1. a right - angled triangle with a 60° angle, hypotenuse (8sqrt{5}), one leg labeled (y) (adjacent to the 60° angle), another leg labeled (x) (opposite to the 60° angle), and a right angle (the right angle is between legs (x) and (y)).

Explanation:

This is a right - triangle problem. In a right - triangle, we can use trigonometric ratios (sine, cosine) and the Pythagorean theorem. Given that one of the non - right angles is \(60^{\circ}\), the hypotenuse \(c = 8\sqrt{5}\), and we need to find the lengths of the legs \(x\) and \(y\).

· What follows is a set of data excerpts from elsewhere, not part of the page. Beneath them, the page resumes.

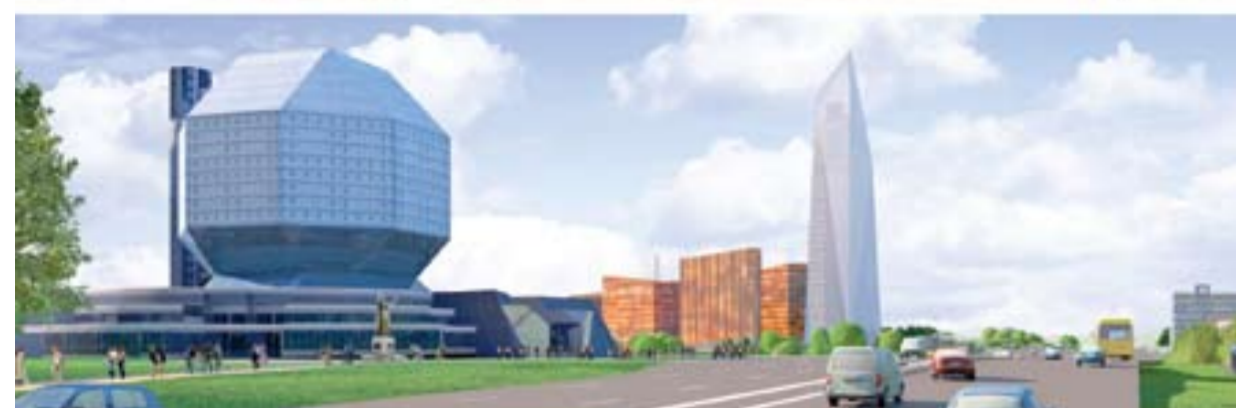
Виды от Национальной библиотеки
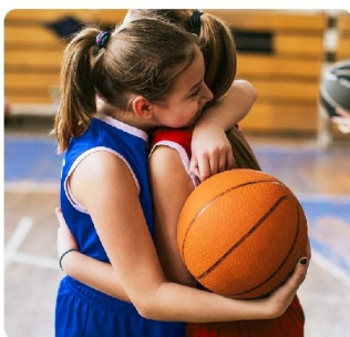
Ibercaja, patrocinador oficial de la Federación Aragonesa de Baloncesto.

Nos mueve apoyar el deporte con valores.
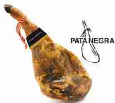
PROSCIUTTO JAMON IBERICO CON E SENZA OSSO C +0/4°C, 9 Kg c.ca
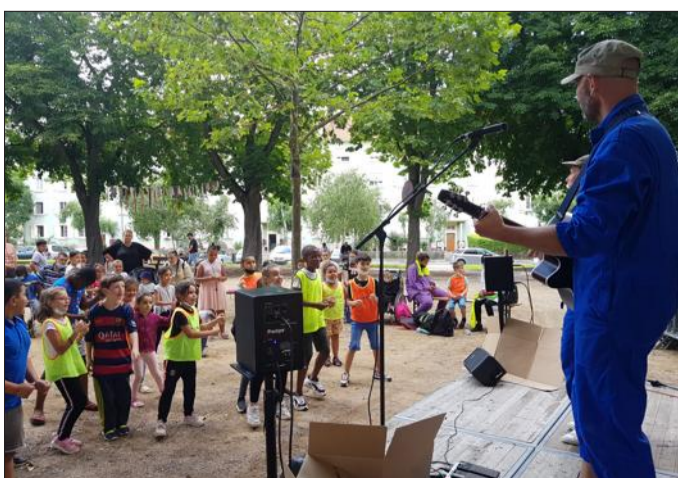
Le vendredi 9 juillet, la compagnie Les Contes de Nana a animé la place Hauger avec un concert festif.
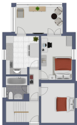
Immagine non caricata
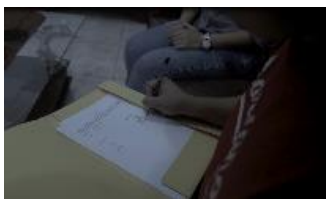
Gambar 4. Ibu sedang bekerja sampai larut malam
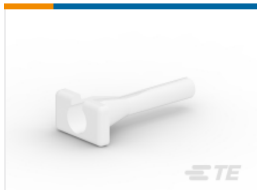
TE 产品编号114009-ZZ EXT TOOL, SIZE 4, 6 AWG, N, WHT ORG
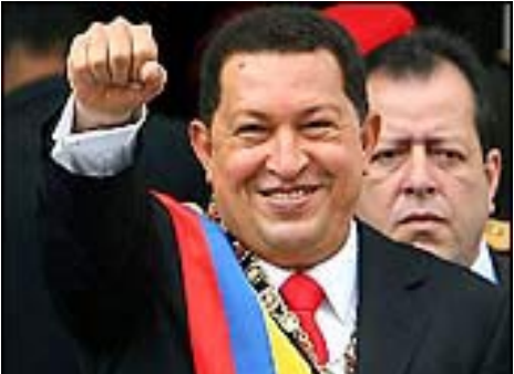
El Socialismo del Siglo XXI: ¡Soy Yo!.- Venezuela (Pág. 12)

PALESTINA: RETOMAR EL PROGRAMA DE LA OLP PARA DERROTAR AL SIONISMO PÁG.-18
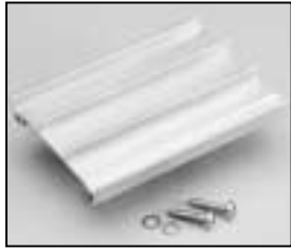
L4.82671.E Bottom extrusion right Rippenblech unten rechts
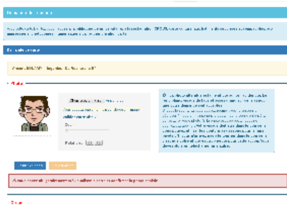
Interface web de demande de carte
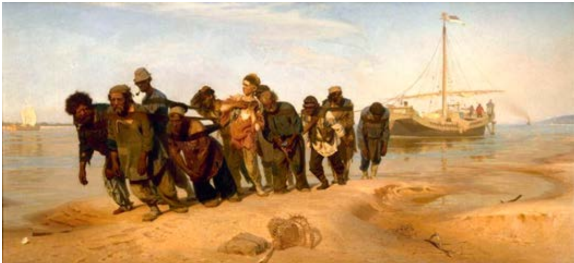
Figura 3. Ilya Efimovich Repin, Barge-haulers on the Volga , 1870-73 (oleo sobre tela, 131.5 x 281 cm cm. State Russian Museum, St. Petersburg)

of them shouts from the painting to the viewer: "look how unfortunate I am and how indebted you are to the People!" (...) You can't help but think you are indebted, truly indebted, to the people» (1876:212).
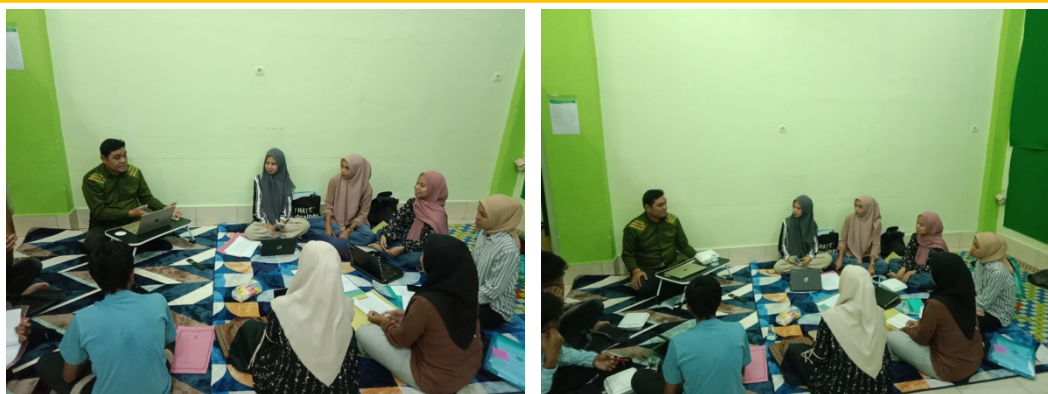
Gambar 3. Rancang Materi Sosialisasi Berbasis Data Lapangan

tawaran solusi yang dapat diterapkan secara kolaboratif. Alur penyajian yang terstruktur membantu peserta memahami proses analisis secara logis dan komprehensif. Setiap solusi yang ditawarkan disesuaikan dengan kapasitas sekolah sehingga lebih realistis untuk diimplementasikan. Pendekatan ini mendorong partisipasi aktif seluruh warga sekolah dalam proses perbaikan budaya sekolah. Penggunaan bahasa yang komunikatif serta penyajian yang interaktif menjadi perhatian utama dalam penyusunan materi sosialisasi. Materi dirancang agar mudah dipahami oleh guru maupun siswa tanpa mengurangi kedalaman substansi. Metode penyampaian yang digunakan meliputi diskusi kelompok, studi kasus, serta refleksi bersama sehingga tercipta ruang dialog yang terbuka. Strategi ini tidak hanya meningkatkan pemahaman peserta, tetapi juga menumbuhkan kesadaran kolektif untuk membangun budaya sekolah yang lebih positif dan berkelanjutan.
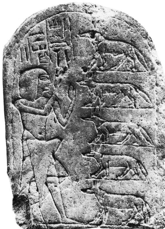
Fig. 3 Stèle 20756 de Berlin

de cœur 18 . Deux des canidés représentés pourraient être des femelles 19 . Contrairement aux deux autres stèles, le dieu est absent.

Step 1: Recall the trigonometric ratios for a \(60^{\circ}\) angle in a right - triangle

In a right - triangle, \(\sin\theta=\frac{\text{opposite}}{\text{hypotenuse}}\) and \(\cos\theta=\frac{\text{adjacent}}{\text{hypotenuse}}\), where \(\theta\) is one of the non - right angles. Also, for a \(60^{\circ}\) angle, \(\sin60^{\circ}=\frac{\sqrt{3}}{2}\) and \(\cos60^{\circ}=\frac{1}{2}\)

Let's first find the length of \(x\) (opposite to the \(60^{\circ}\) angle) and \(y\) (adjacent to the \(60^{\circ}\) angle)

For \(x\):
We know that \(\sin60^{\circ}=\frac{x}{8\sqrt{5}}\)
So, \(x = 8\sqrt{5}\times\sin60^{\circ}\)
Since \(\sin60^{\circ}=\frac{\sqrt{3}}{2}\), then \(x = 8\sqrt{5}\times\frac{\sqrt{3}}{2}=4\sqrt{15}\)

For \(y\):
We know that \(\cos60^{\circ}=\frac{y}{8\sqrt{5}}\)
Since \(\cos60^{\circ}=\frac{1}{2}\), then \(y = 8\sqrt{5}\times\frac{1}{2}=4\sqrt{5}\)

We can also verify using the Pythagorean theorem \(x^{2}+y^{2}=c^{2}\)

Left - hand side: \((4\sqrt{15})^{2}+(4\sqrt{5})^{2}=16\times15 + 16\times5=240 + 80 = 320\)

Right - hand side: \((8\sqrt{5})^{2}=64\times5 = 320\)

Answer:

If we want to find \(x\), \(x = 4\sqrt{15}\); if we want to find \(y\), \(y = 4\sqrt{5}\)